But Rice was pressing forward: On September 5, Prince Bandar met with Rice, Hadley, and me in Hadley's White House corner office, and he told us how pleased the king was with the proposed UN speech and the idea of a big international conference. Clearly, the secretary had been discussing these ideas with Bandar, without – I thought, or at least hoped – approval from the president. Bandar said the Saudis proposed a vague UN speech that nevertheless demanded immediate final status talks. I argued to Bandar that this approach would not work, any more than it had in the past; the security conditions needed to underlie successful final status talks did not yet exist. When Hadley said he agreed with me, the question of where the president stood on all of this remained a mystery to me.

The late Peter Rodman, a brilliant analyst of foreign policy and
an official in several Republican administrations, wrote in his last book of the problem I was increasingly seeing from my Middle East policy vantage point. In the first term, Powell had been the odd man out in the administration. After 9/11, he and the president did not see the world in the same way, and I thought Powell had never aligned his views to those of the president. He had signed
on as secretary of state to a new president with no foreign policy experience; Powell would be tutor, representative, analyst, policy maker. After 9/11, George Bush took over foreign policy, along with Vice President Cheney and Defense Secretary Rumsfeld. Powell became marginalized, and State was often seen as out of tune with what the president wanted. In his memoir, President Bush writes, “I admired Colin, but sometimes it seemed like the State Department he led wasn't fully on board with my philosophy and politics.”
21
Having the president's closest advisor, Condi Rice, take over State, Rodman had written, “was thought to solve the problem; she had been more attuned than anyone else to Bush's thinking.” Yet it did not work: “Over time however, the role of the career service reasserted itself in the department, and State's policy drifted in that direction” – back toward the traditional approaches of the Foreign Service.

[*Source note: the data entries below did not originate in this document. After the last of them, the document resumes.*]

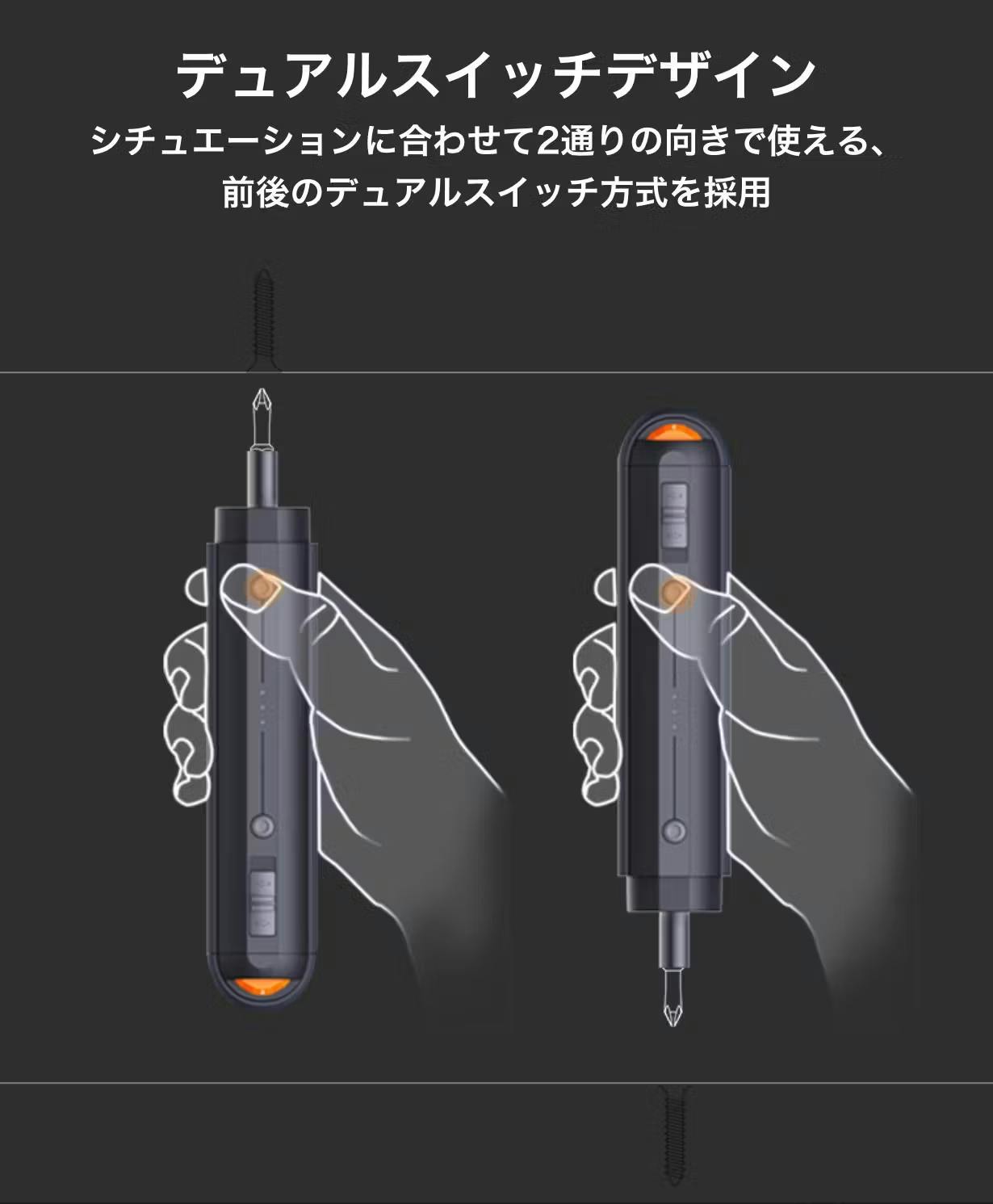 一般的なドライバーでは、回転方向を変えるたびに持ち替えたり、角度を工夫したりする必要がありますが、JIMIBOX I-miniは前後にスイッチが配置された「デュアルスイッチ方式」を採用。これにより、作業中に持ち手を変えることなく、どちらの方向からでも快適に操作ができるため、狭い場所や手の届きにくい場所でもスムーズに対応できます。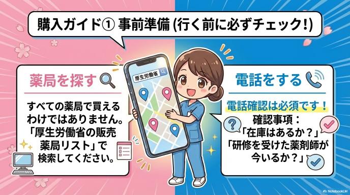 まず最初に行うべきは、近所のどこの薬局で買えるかを調べることです。すべての薬局で売っているわけではないため、厚生労働省のホームページなどで公開されている「販売薬局リスト」を確認します。そして、行く前には必ず電話で確認をしましょう。「在庫があるか」「対応できる薬剤師(研修修了者)が今いるか」を確認するためです。せっかく足を運んでも、薬剤師が不在で購入できないというケースを防ぐためにも、事前の電話は必須です。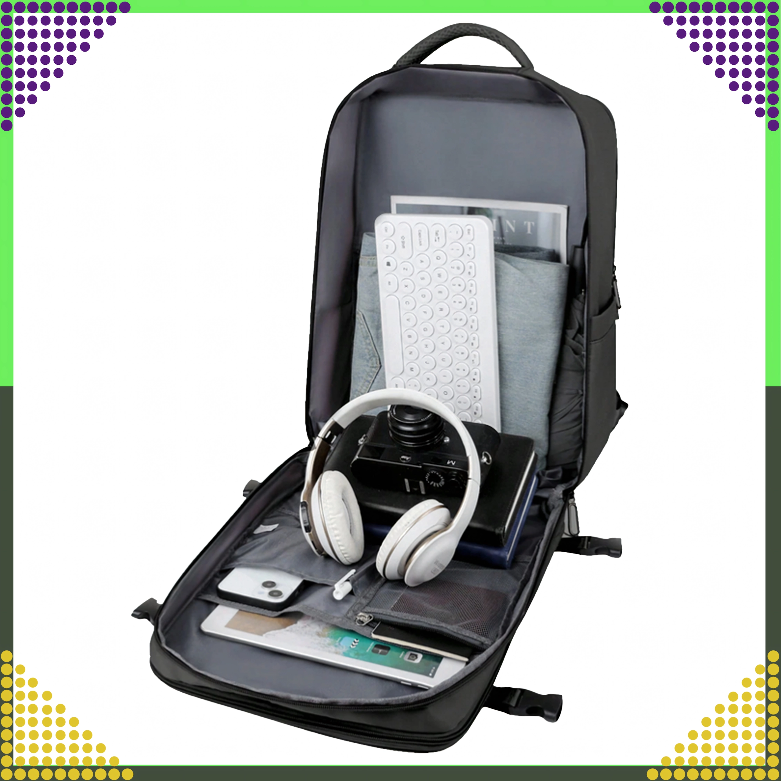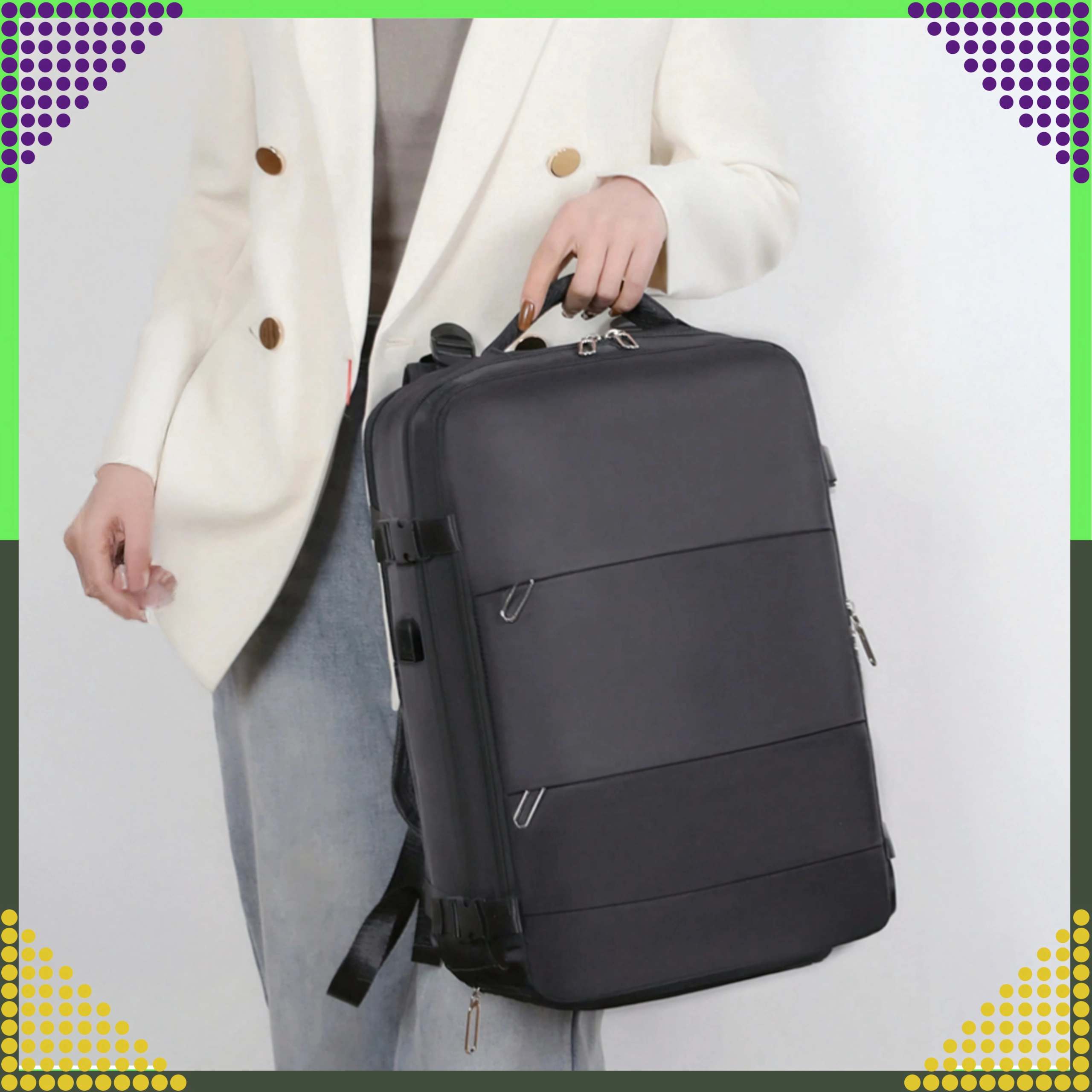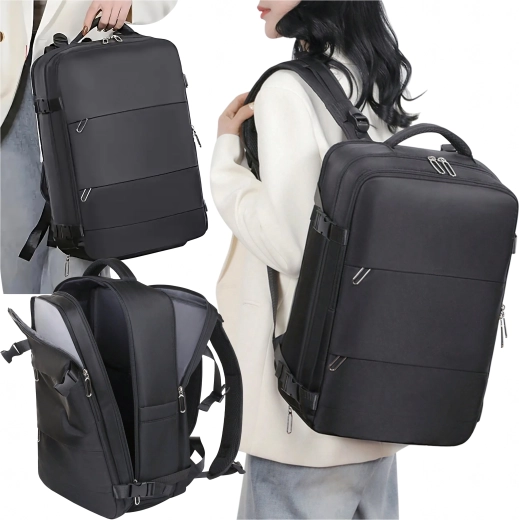 Více zipových kapes, kompresní popruhy a možnost nasazení na madlo kufru. Čistý vzhled, který se hodí k business i casual stylu.

And that trend became stronger over time: “Especially with the departure of Rumsfeld, the balance of forces in the administration as a whole shifted in the State Department's direction. Hadley often acted as Rice's partner.”
22

My own experience suggested the truth of what Rodman had described. The president had never said anything about a major policy change or a shift in his relationship with Israel. Yet every meeting Rice had with the Israelis after the Second Lebanon War was strained and difficult. As time passed, and especially in 2007 and 2008, I would often write memos to Hadley expressing that we were deviating from stated policy, taking positions that put all of the pressure on Israel and nearly none on the Palestinians and forgetting the major insights that had constituted the Bush approach. At times I would discuss the problem with the vice president or with White House chief of staff Josh Bolten, never suggesting that I knew what to do about it but wanting to ensure that they were at least aware of it. The vice president was a skeptic about the kind of diplomatic maneuvers the State Department and our EU friends found so alluring, preferring to rely on the sinews of power to protect the United States and our friends in Israel. While he maintained his close ties to the Saudis and other Arab rulers, he was an unwavering voice of support for the Jewish State.

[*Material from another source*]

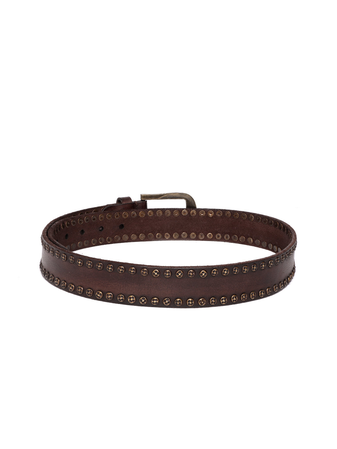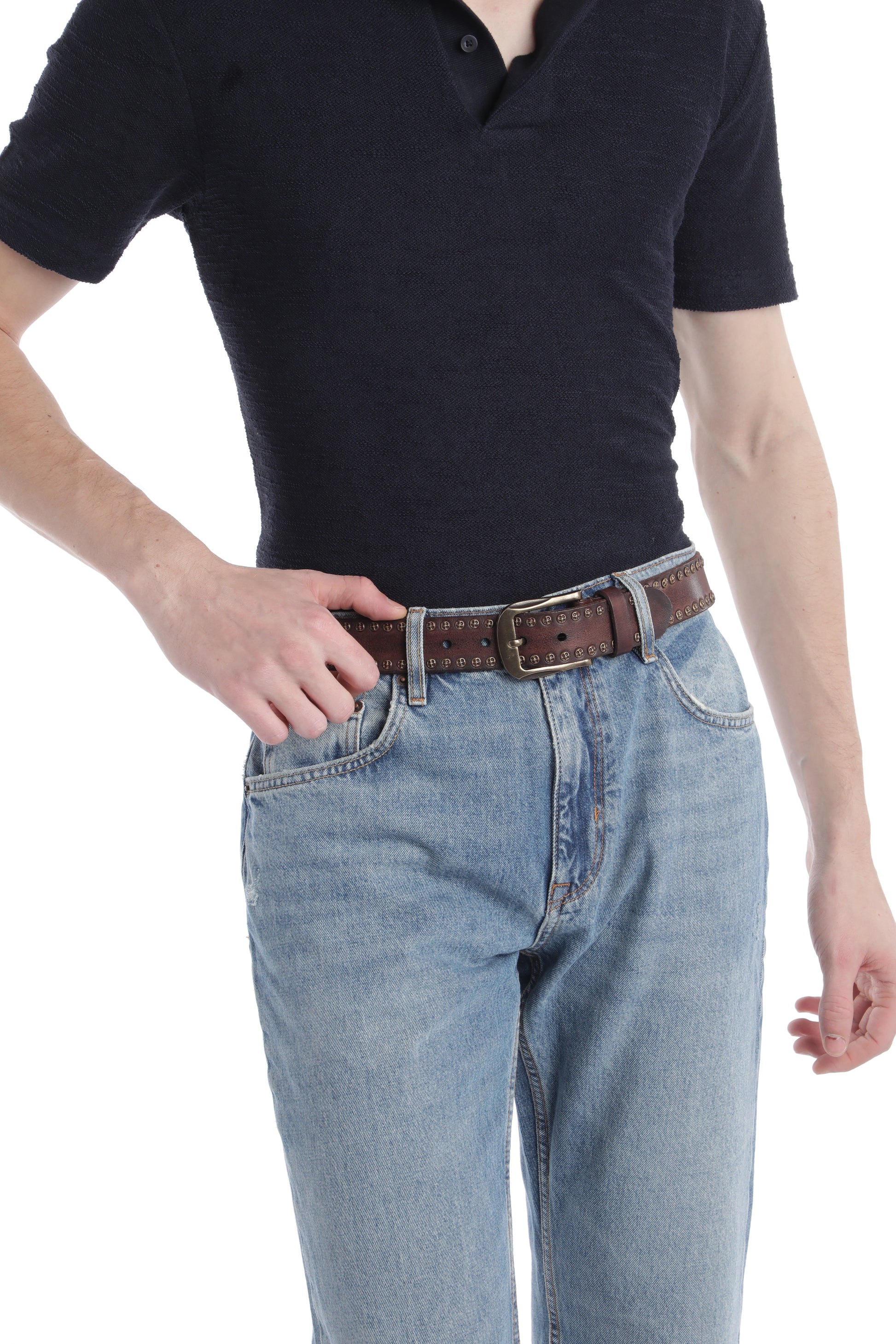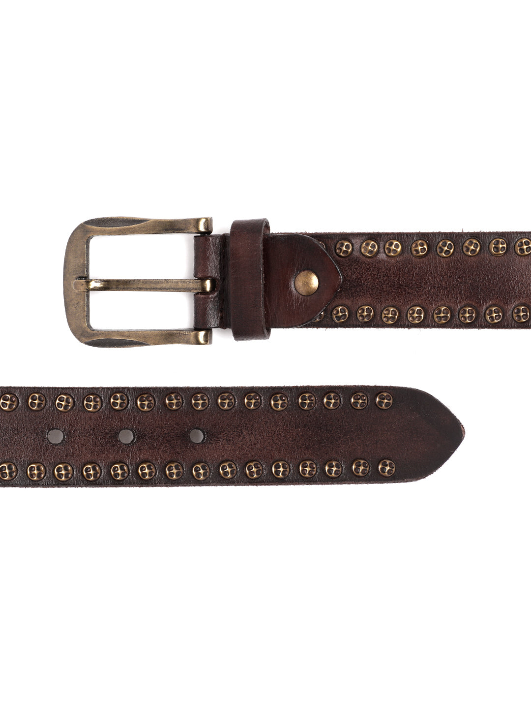 Inspired by vintage aesthetics, this belt is crafted from rich, textured leather in a warm brown hue. The traditional buckle and brass or gold-toned studs along the strap add a touch of rugged charm. Ideal for adding a unique, stylish edge to casual or smart-casual ensembles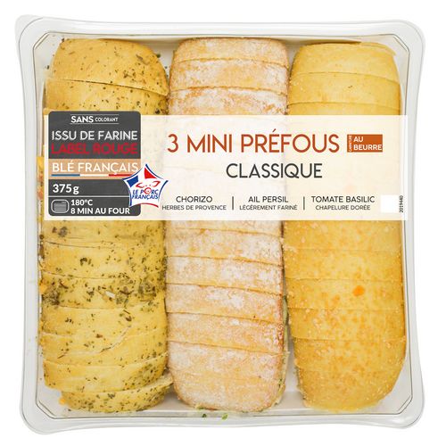 Ces mini-pains Préfou à l’huile d’olive n’ont rien à envier à leur grands frères : Un assortiment de 3 recettes savoureuses , Chorizo , Ail et persil et Tomates basilic et tellement plus pratique grâce à ces petites bouchées apéritives ! Un plateau qui passe au four !

Whether he and Josh raised these matters with the president was something I never knew, for rightly they kept their private conversations with him private; nor did I know what Hadley told him when they were alone. I had certainly seen the president express disagreement with Rice, contradict her words, and rein in her actions. But she was still his closest advisor on foreign affairs, far more influential than Hadley – who in any event did not like to take her on. His own foreign policy judgment was often, I thought, better than hers, not least on Israeli-Palestinian issues, but he did not consider a battle with Condi in his job description. In that, he was right: The president had left the Rice/Hadley team in place for the second term because it worked smoothly, and he surely did not want a bureaucratic war. But I thought Hadley took this policy of avoiding conflict too far; I thought the president should have heard more about the policy changes now being discussed, and heard them not as explanations
from Condi why what she was doing was natural and sensible, but as real debates.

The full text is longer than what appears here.